§ What is being asked: Nothing but the pictures should be left out when the entries below are duplicated.

(Beginning of Source data)

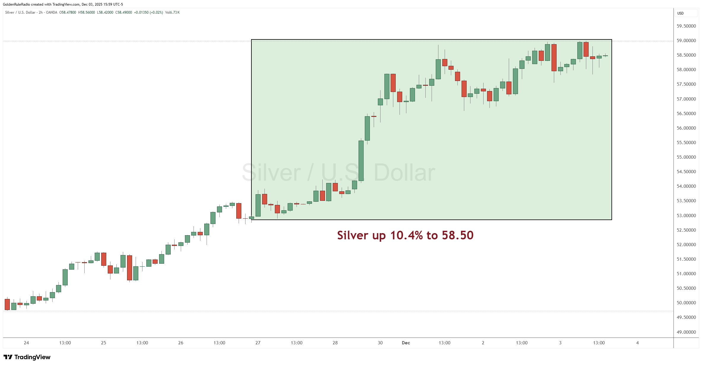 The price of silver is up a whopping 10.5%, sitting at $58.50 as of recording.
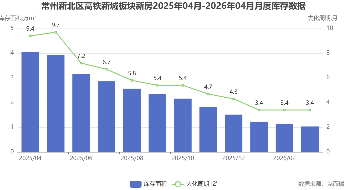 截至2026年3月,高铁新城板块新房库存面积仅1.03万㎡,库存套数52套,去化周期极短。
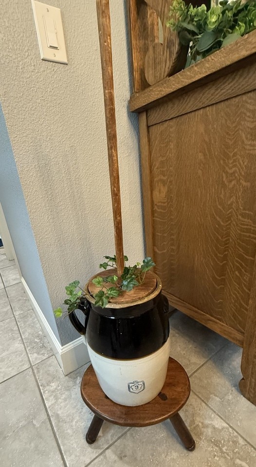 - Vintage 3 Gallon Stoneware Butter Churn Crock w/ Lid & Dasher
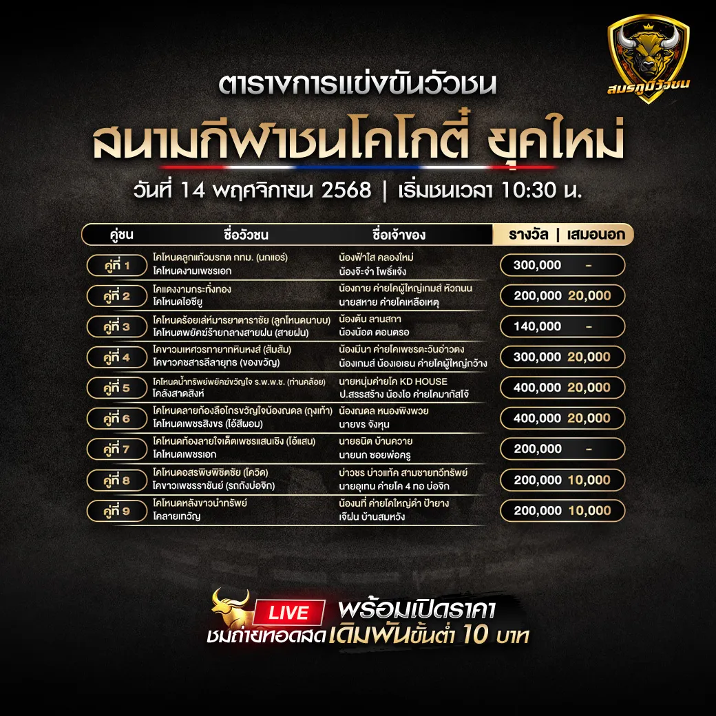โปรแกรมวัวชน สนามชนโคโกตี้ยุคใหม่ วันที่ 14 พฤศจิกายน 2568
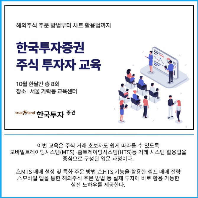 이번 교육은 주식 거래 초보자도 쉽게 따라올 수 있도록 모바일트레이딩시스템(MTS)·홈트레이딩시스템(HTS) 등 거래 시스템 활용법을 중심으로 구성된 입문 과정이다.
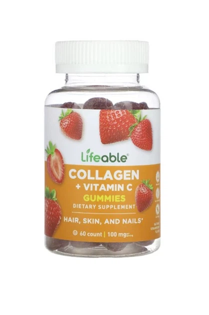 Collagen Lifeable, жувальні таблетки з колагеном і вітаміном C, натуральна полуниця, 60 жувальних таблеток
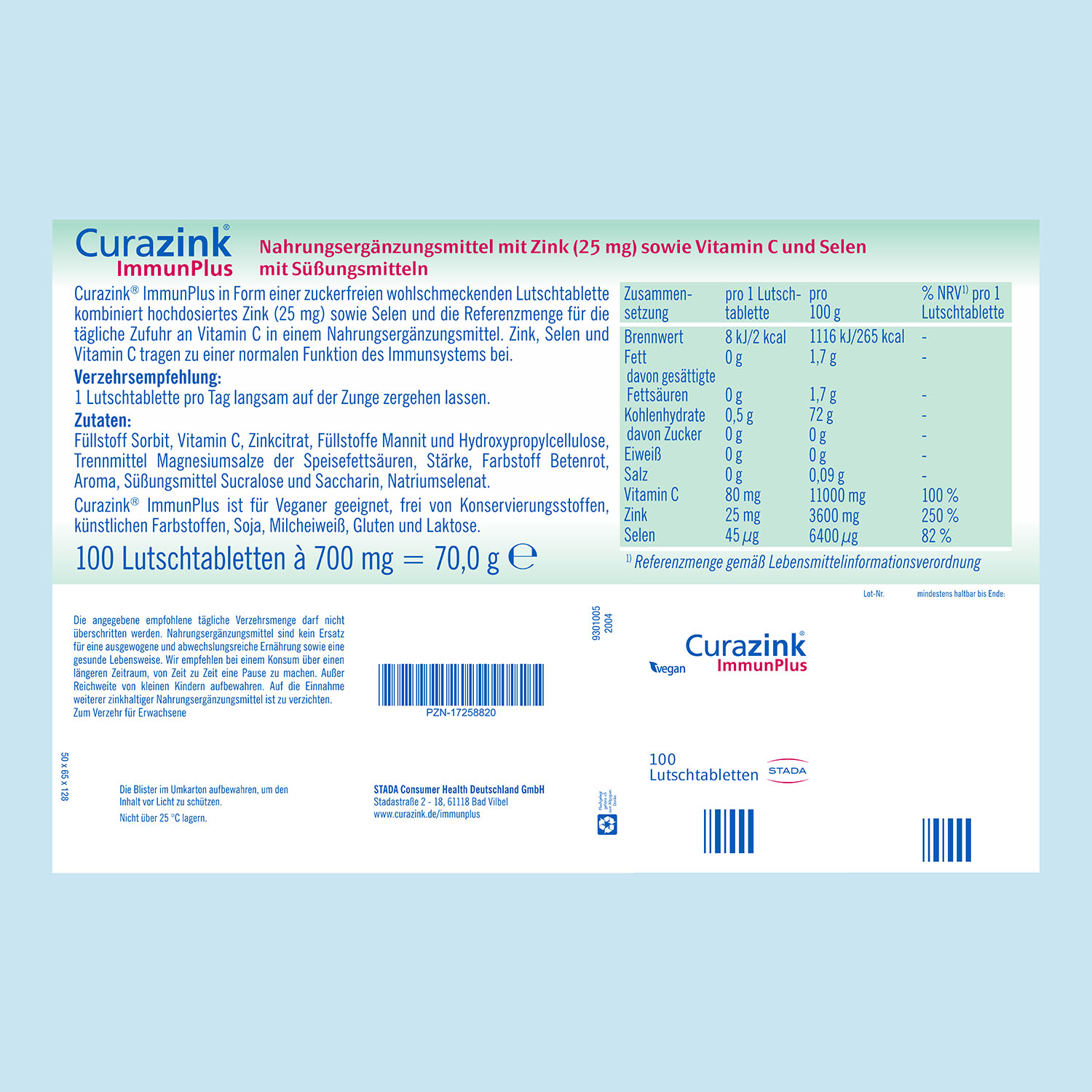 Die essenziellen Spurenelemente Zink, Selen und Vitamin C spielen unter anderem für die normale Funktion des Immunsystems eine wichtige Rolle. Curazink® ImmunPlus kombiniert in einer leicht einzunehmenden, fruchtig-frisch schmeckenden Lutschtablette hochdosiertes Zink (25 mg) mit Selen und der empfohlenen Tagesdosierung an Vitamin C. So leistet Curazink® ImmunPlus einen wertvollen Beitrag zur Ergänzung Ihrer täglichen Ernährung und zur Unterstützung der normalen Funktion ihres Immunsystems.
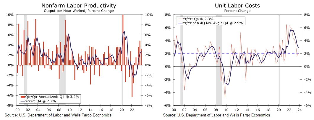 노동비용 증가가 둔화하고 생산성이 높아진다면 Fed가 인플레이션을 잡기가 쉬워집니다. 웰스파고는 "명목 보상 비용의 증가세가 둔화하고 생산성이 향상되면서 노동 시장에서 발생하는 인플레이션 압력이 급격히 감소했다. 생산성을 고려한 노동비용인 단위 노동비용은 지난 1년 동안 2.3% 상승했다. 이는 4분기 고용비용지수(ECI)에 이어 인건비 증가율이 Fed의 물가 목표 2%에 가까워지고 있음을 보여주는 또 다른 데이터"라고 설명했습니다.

(End of Source data)

§ Written reply:
 The price of silver is up a whopping 10.5%, sitting at $58.50 as of recording.
 截至2026年3月,高铁新城板块新房库存面积仅1.03万㎡,库存套数52套,去化周期极短。
 - Vintage 3 Gallon Stoneware Butter Churn Crock w/ Lid & Dasher
โปรแกรมวัวชน สนามชนโคโกตี้ยุคใหม่ วันที่ 14 พฤศจิกายน 2568
 이번 교육은 주식 거래 초보자도 쉽게 따라올 수 있도록 모바일트레이딩시스템(MTS)·홈트레이딩시스템(HTS) 등 거래 시스템 활용법을 중심으로 구성된 입문 과정이다.
 Collagen Lifeable, жувальні таблетки з колагеном і вітаміном C, натуральна полуниця, 60 жувальних таблеток
 Die essenziellen Spurenelemente Zink, Selen und Vitamin C spielen unter anderem für die normale Funktion des Immunsystems eine wichtige Rolle. Curazink® ImmunPlus kombiniert in einer leicht einzunehmenden, fruchtig-frisch schmeckenden Lutschtablette hochdosiertes Zink (25 mg) mit Selen und der empfohlenen Tagesdosierung an Vitamin C. So leistet Curazink® ImmunPlus einen wertvollen Beitrag zur Ergänzung Ihrer täglichen Ernährung und zur Unterstützung der normalen Funktion ihres Immunsystems.
 노동비용 증가가 둔화하고 생산성이 높아진다면 Fed가 인플레이션을 잡기가 쉬워집니다. 웰스파고는 "명목 보상 비용의 증가세가 둔화하고 생산성이 향상되면서 노동 시장에서 발생하는 인플레이션 압력이 급격히 감소했다. 생산성을 고려한 노동비용인 단위 노동비용은 지난 1년 동안 2.3% 상승했다. 이는 4분기 고용비용지수(ECI)에 이어 인건비 증가율이 Fed의 물가 목표 2%에 가까워지고 있음을 보여주는 또 다른 데이터"라고 설명했습니다.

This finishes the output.